Another adventure in remodeling was removing the ¾ wall between the kitchen and the dining area. A half wall was built closer to the living room, but, once again, never finished. The mish mash of odd jobs left the house untidy. On top of that, there were always small children around, five of us born with seven years of each other. My mom was a stay at home mom and my dad was always working. Well, I don’t think he was always working so much as he didn’t like to be home, so he didn’t come home. Where does one go when one doesn’t want to come home? A pub / bar. If you drink every night, you become addicted to alcoholic beverages.

Some how, I ended up being the one to take care of things around home. I have to admit I was full of ideas of what was right and how things ought to be. I missed having my dad to hang around with. When I was young, and being the oldest, we spent more time together – or should I say I would hang out with him. He disappeared into a side business, owning taverns. Too bad for the family; he was gone now on the weekends, every night, and I am certain many times it was to be away from our mom. He probably didn’t want a big family, but he never said it to us kids. That was what matters, and I know he loved all of us, if he wasn’t always proud or happy with us.

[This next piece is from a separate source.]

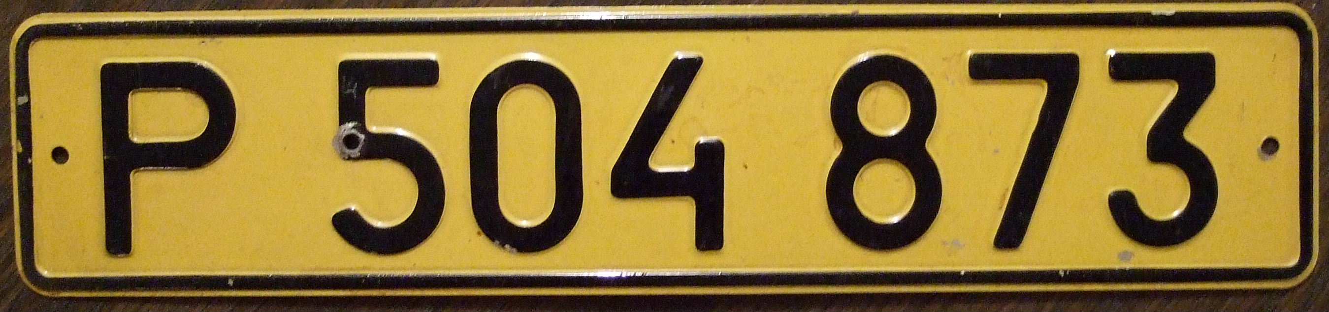 Issued to vehicles exported from the Soviet Union.

Years went by, he moved away or mom kicked him out – either way, there was less money for everything because he now had to support his own home and ours. I know he was not comfortable seeing mom and he visits with his kids on the weekends were strained at times, but he never skipped a weekend with us that I remember. He did, however, become more dependent on alcohol. In the meantime, at the age of 49, he had a heart attack while feeling bad and in the hospital, lucky for us and him because they could save him, with quintuple bypass surgery, he was a ‘new’ man. He gave up smoking and drinking for only a short time. He got more exercise (golf) but not enough and he was soon smoking and drinking again. Perhaps he was more moderate with it, but he would never be free of the addictions that were killing him.

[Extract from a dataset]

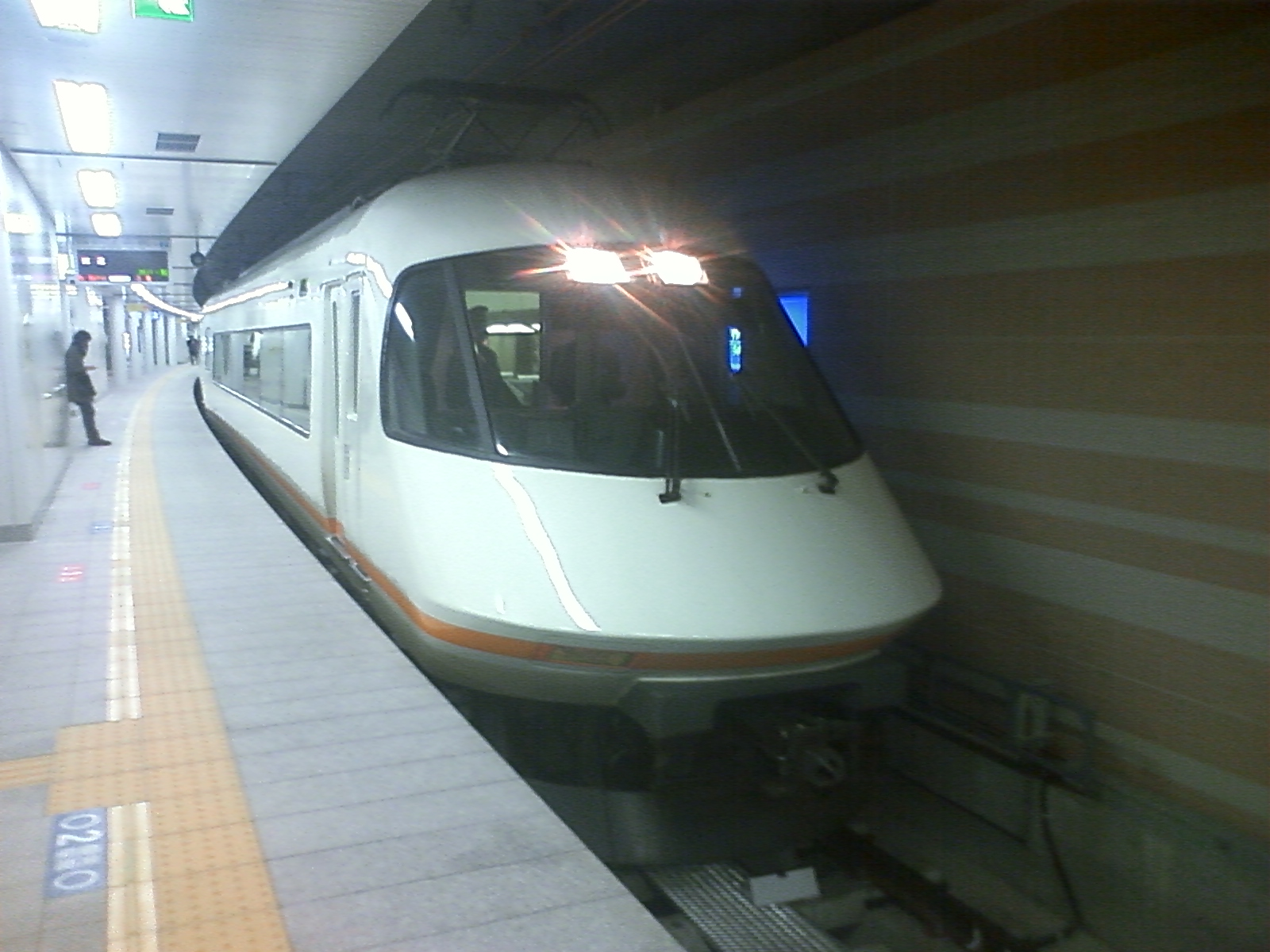 A Kintetsu 21000 forwarding train stopping at the Hanshin Sakuragawa station

Eventually, he bought half the house from mom, she had money to go to live in Oregon and he now had the house, which he shared with Daniel. Dad had a stroke in October of 1988. I was in Australia playing softball and found out about it on my way back to the states. I could not take time off to care for him, but he had my sister Micki willing and able to help, and Daniel lived with him. Only Daniel did not accept how bad off dad was. Micki was beside herself with taking care of him without the help of Daniel to watch him when she wasn’t around. Did dad need watching? Sure, he could not remember to take medication, but he could remember how to get to the local bar and Daniel did not take the car keys away from him. My dad, who could not remember to eat, cook, form four word sentences, or speak coherently, could drive a ½ mile away to find drink.

I took dad for a visit to the speech therapist at the local hospital. She was more like a cognition therapist because she dealt with understanding, or communication both in and out. She said the girls in the family, Micki and I, had no problem understanding the importance of this therapy. Our brother, however, would try to complete dad’s tasks for him and would say things like, “c’mon, you know you can do this, stop messing around.” She said that it is the boys who have a hard time accepting that their dad isn’t the strong man he once was. The morning I took dad to the therapist, I could smell a stale odor of an alcoholic beverage on his breath and about his person. Being an expert at intoxication, I knew he had not recovered from the effects of his alcoholic beverage consumption from the night before. I remember being furious at my brother for not taking steps to prevent this from happening. It was just a couple of days later that my dad suffered a final stroke while at the corner bar. He started acting strange, so the barkeep called my brother to come get him. Daniel arrived in time to see my dad collapse. He tried CPR, but nothing would have prevented dad’s death this time.